The extent of adsorption of a gas on a solid adsorbent is affected by the following factors:
1. Nature of the gas
Since physical adsorption is non-specific in nature, every gas will get adsorbed on the surface of any solid to a lesser or greater extent. However, under given conditions of temperature and pressure, the easily liquefiable gases like NH3, HCl, CO2 etc. are adsorbed in a greater extent than the permanent gases such as H2, O2, N2 etc. it is because the van der Waal forces or molecular forces are more predominant in the former than in later category.
The ease with which a gas can be liquefied is mainly determined by its critical temperature Tc, Critical temperature of a gas is the temperature above which the gas cannot be liquefied irrespective of the pressure applied. A gas having higher critical temperature can be liquefied more easily and hence is adsorbed on the solid to greater and extent of adsorption for some gases.
We know that chemisorption is specific in nature. Therefore, in case of chemisorption a gas gets adsorbed on the solid only if it forms chemical bond with it.
2. Effect of nature of the adsorbent
The extent of adsorption of a gas also depends on the nature of adsorbent. Activated charcoal more easily adsorbs toxic gases like CH4, CO, etc. allows its frequent use in gas masks. Finely divided transition metals like Ni, CO, etc. adsorb permanent gases like H2, N2, O2, etc.
3. Specific area of the solid
Specific area of an adsorbing solid is the surface area available for adsorption per gram of the adsorbent. Greater the specific area of the solid, greater would be its adsorbent power. That is why porous or finely divided forms of adsorbents adsorb more extensively. However, the pores should be large enough to allow the gas molecules to allow the gas molecules to enter them.
4. Effect of pressure of the gas
In order to understood the effect of pressure on the adsorption of a gas on some solid, we must keep in mind that adsorption is a reversible process and is accompanied by decrease in pressure. Therefore, it is expected that a given temperature, the extent of the adsorption increases with the increase in pressure. The extent of the adsorption is generally expressed as x/m where m is the mass of the adsorbent and x is that of the adsorbate when equilibrium has been attained. A graph drawn between extent of adsorption (x/m) and the pressure p of the gas at constant temperature is called adsorption isotherm. Adsorption isotherms of different shapes have been observed experimentally. Two most common types of adsorption isotherms are Freundlich adsorption isotherms and Langmuir adsorption isotherm.
5. Effect of temperature
As already discussed the adsorption at a surface initially increases till a saturation point is achieved. At this juncture an equilibrium is established as represented below.
Adsorption 
Desorption; Δ H = +ve
As adsorption is accompanied by evolution of heat, so in accordance with Le-Chatelier's principle, the magnitude of adsorption should decrease with rise in temperature and this is actually so.

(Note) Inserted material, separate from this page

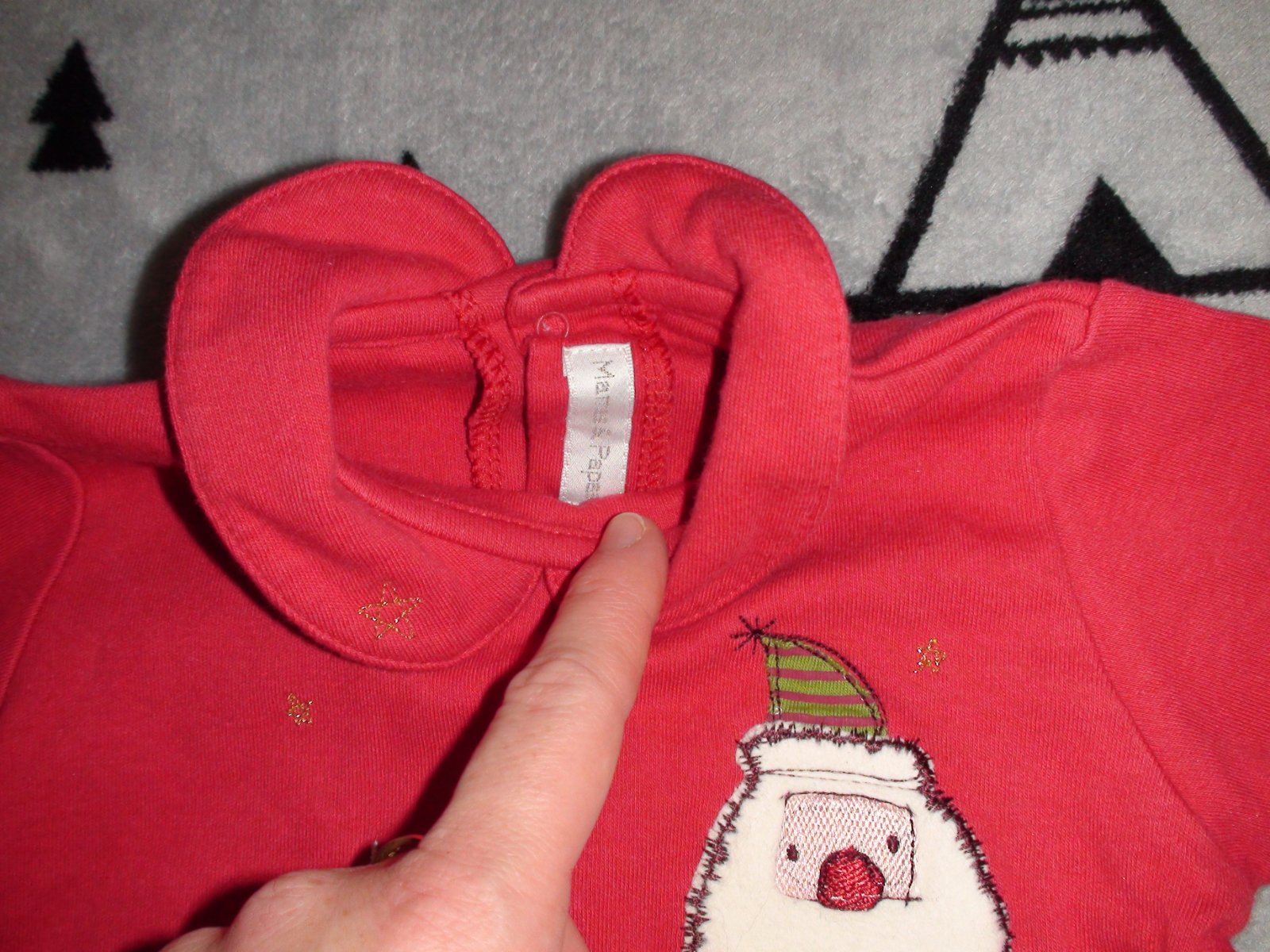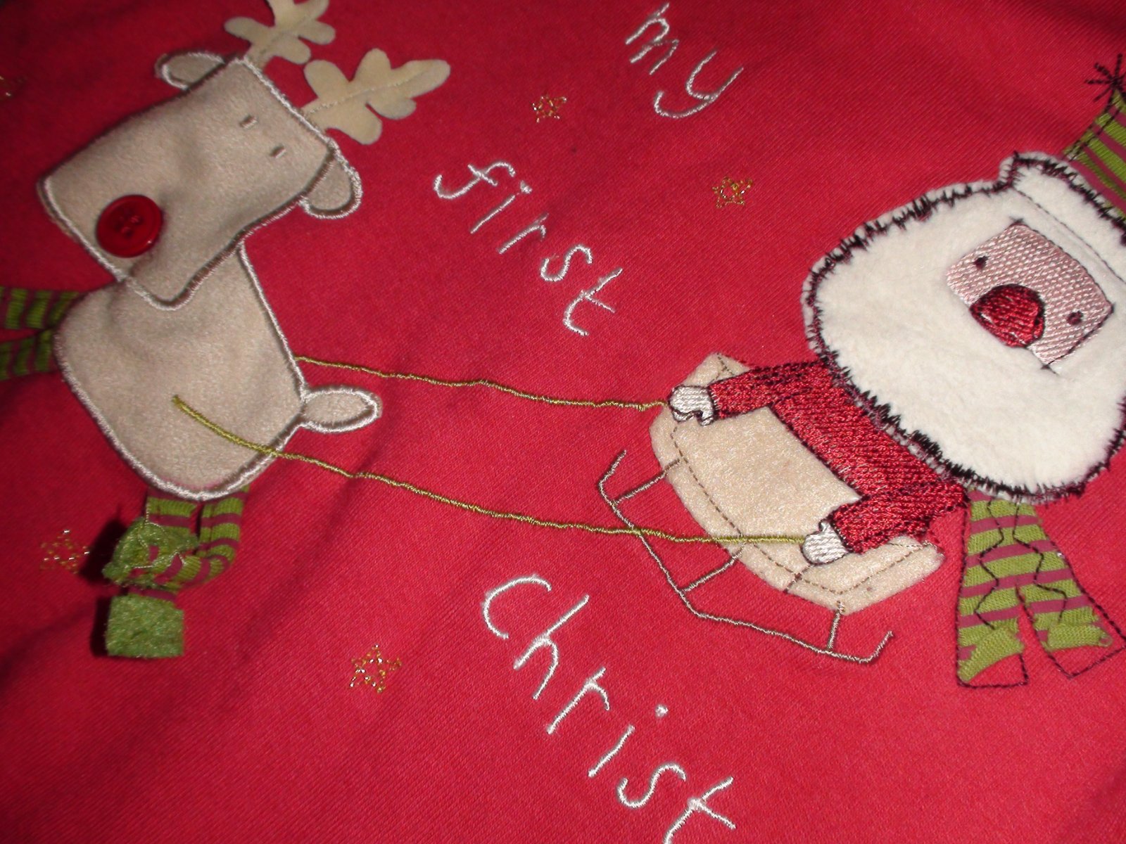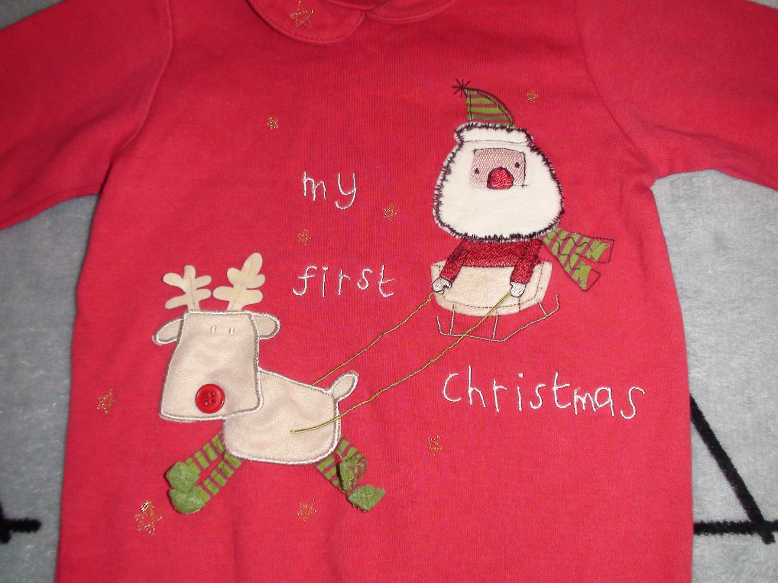 Krásny teplejší bavlnený vianočný overal Prvé vianoce, so santom a sobíkom. Pekne prepracovaný, vzadu zapínanie na cvoky. Rozkošný.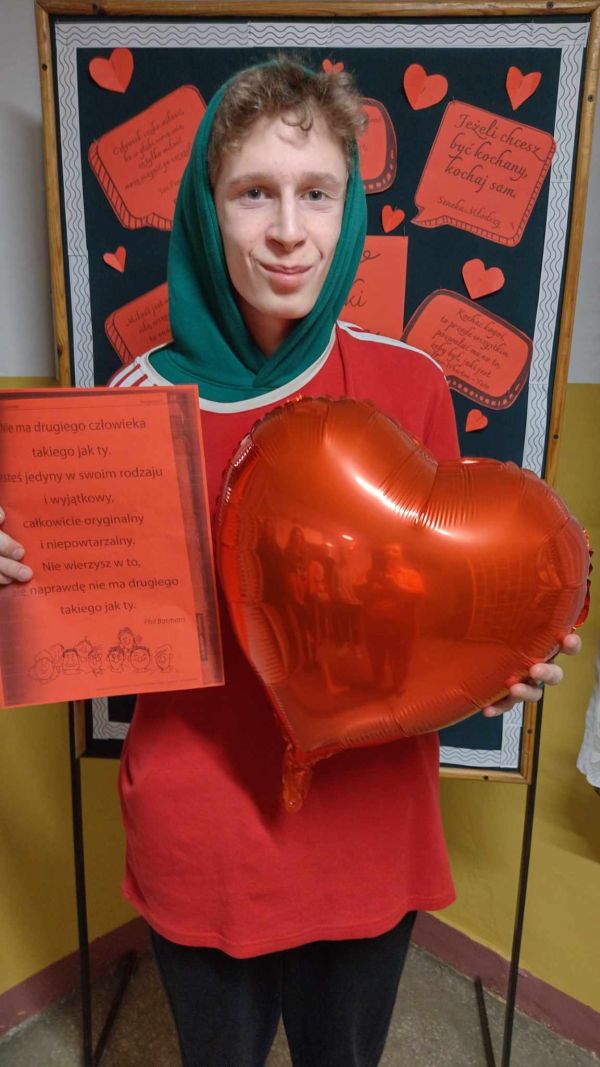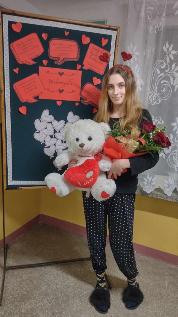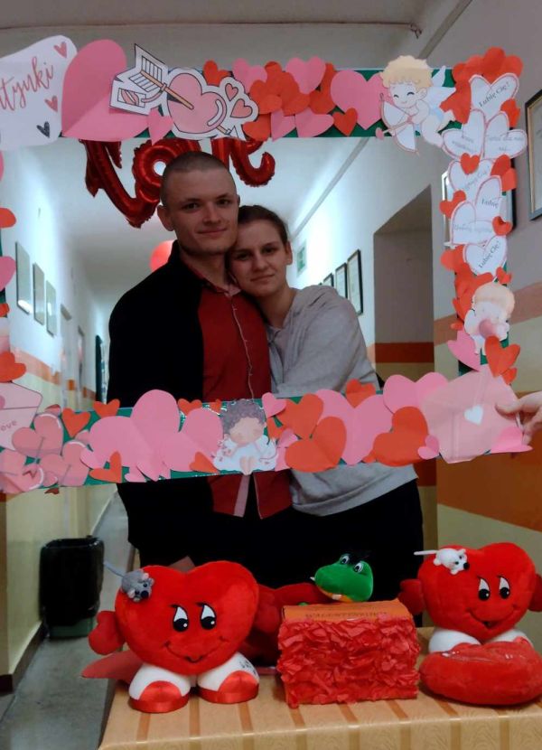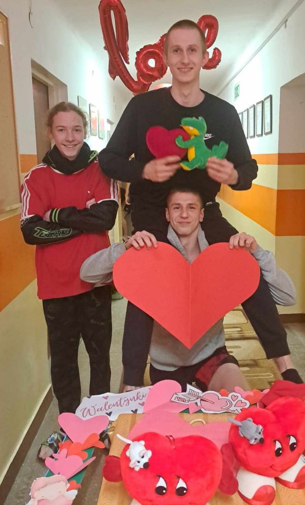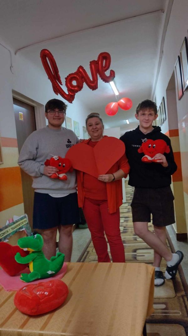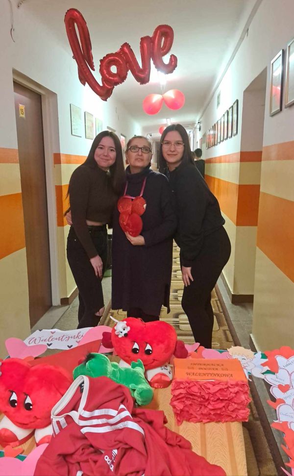 14 lutego obchodziliśmy w internacie Walentynki. Z tej okazji postanowiliśmy założyć czerwone ubrania, które symbolizowały kolor miłości. Pięknie udekorowany korytarz wprowadził nas w atmosferę tego święta. Każdy mógł sobie zrobić piękne zdjęcia w walentynkowej fotobudce w otoczeniu serc i pluszowych walentynek. Była również poczta walentynkowa, poprzez którą mieszkańcy internatu wyrazili ciepłe i przyjacielskie uczucia wobec siebie. Wychowawczynie p. Agnieszka Baran i p. Agata Włodarczyk wykorzystały to święto, by przypomnieć wychowankom o wartości miłości do samego siebie i potrzebie budowania poczucia własnej wartości. Uczestnicy warsztatów otrzymali motywacyjne walentynki. Na zakończenie obchodów Dnia Zakochanych odbyło się karaoke – wspólne śpiewanie najpiękniejszych piosenek o miłości. W tym wyjątkowym dniu panowała u nas radosna, przyjazna i życzliwa atmosfera i wielu mieszkańców aktywnie włączyło się w obchody Walentynek w internacie.

A graph drawn between extent of adsorption (x/m) and temperature (t) at constant pressure is called adsorption isobar.
6. Activation of adsorbent
Activation of an adsorbent means increasing the adsorbing power of the adsorbent. This can be done in various different ways. One possible way of doing it is to increase the specific area of the adsorbent. This can be done either by making the surface of adsorbent or by breaking it into small pieces. However, if the particles are made very small, then the interparticle spaces will be too small to allow the penetration of gas molecules and hence, the extent of adsorption may increase by certain specific treatments. For example, wood charcoal can be activated by heating it between 650 K and 1330 K in vacuum, air or super-heated steam.